### Task input
• • • • •

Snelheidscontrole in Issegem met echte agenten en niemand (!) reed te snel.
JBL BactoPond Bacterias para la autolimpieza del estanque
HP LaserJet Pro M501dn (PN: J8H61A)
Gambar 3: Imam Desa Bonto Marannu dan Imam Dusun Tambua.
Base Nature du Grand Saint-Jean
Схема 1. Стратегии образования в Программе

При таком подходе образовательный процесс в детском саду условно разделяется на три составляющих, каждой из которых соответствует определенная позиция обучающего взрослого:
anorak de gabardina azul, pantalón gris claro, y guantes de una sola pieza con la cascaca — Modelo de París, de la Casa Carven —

• • • • •

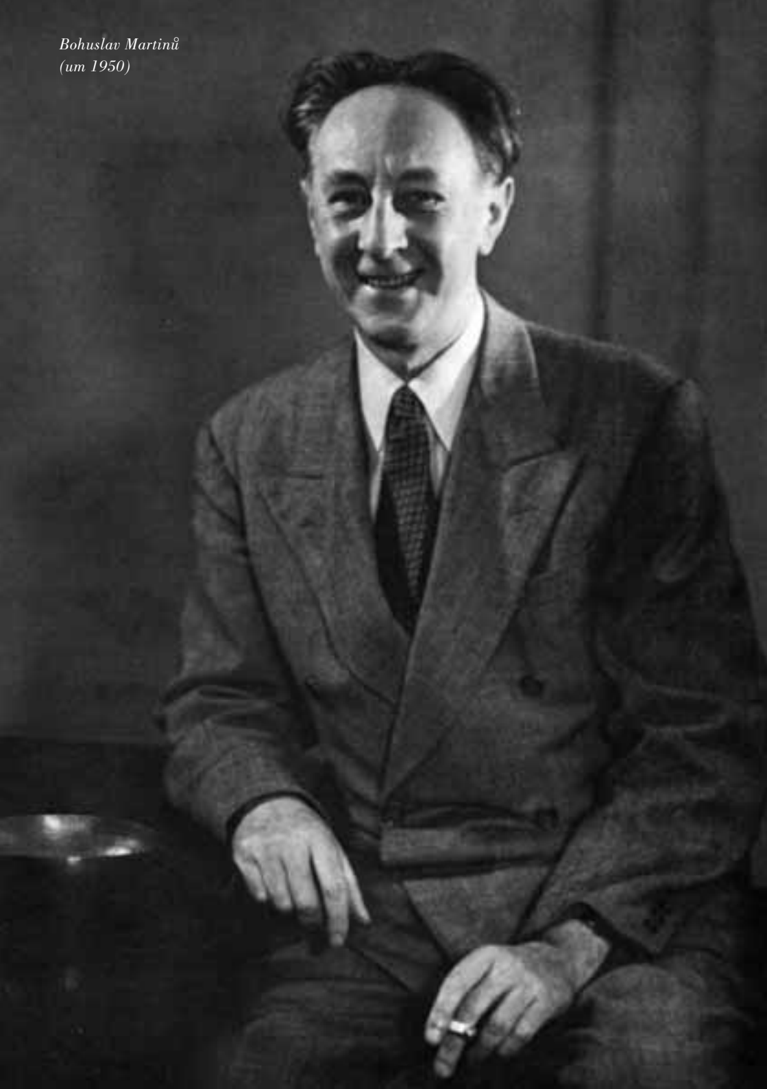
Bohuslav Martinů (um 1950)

• • • • •

### Task to complete
Look above for the line holding "Snelheidscontrole in Issegem" and the line holding "Схема 1. Стратегии образования в Программе". Retype both, and every line between them, word for word and nothing else.

### Written answer
Snelheidscontrole in Issegem met echte agenten en niemand (!) reed te snel.
JBL BactoPond Bacterias para la autolimpieza del estanque
HP LaserJet Pro M501dn (PN: J8H61A)
Gambar 3: Imam Desa Bonto Marannu dan Imam Dusun Tambua.
Base Nature du Grand Saint-Jean
Схема 1. Стратегии образования в Программе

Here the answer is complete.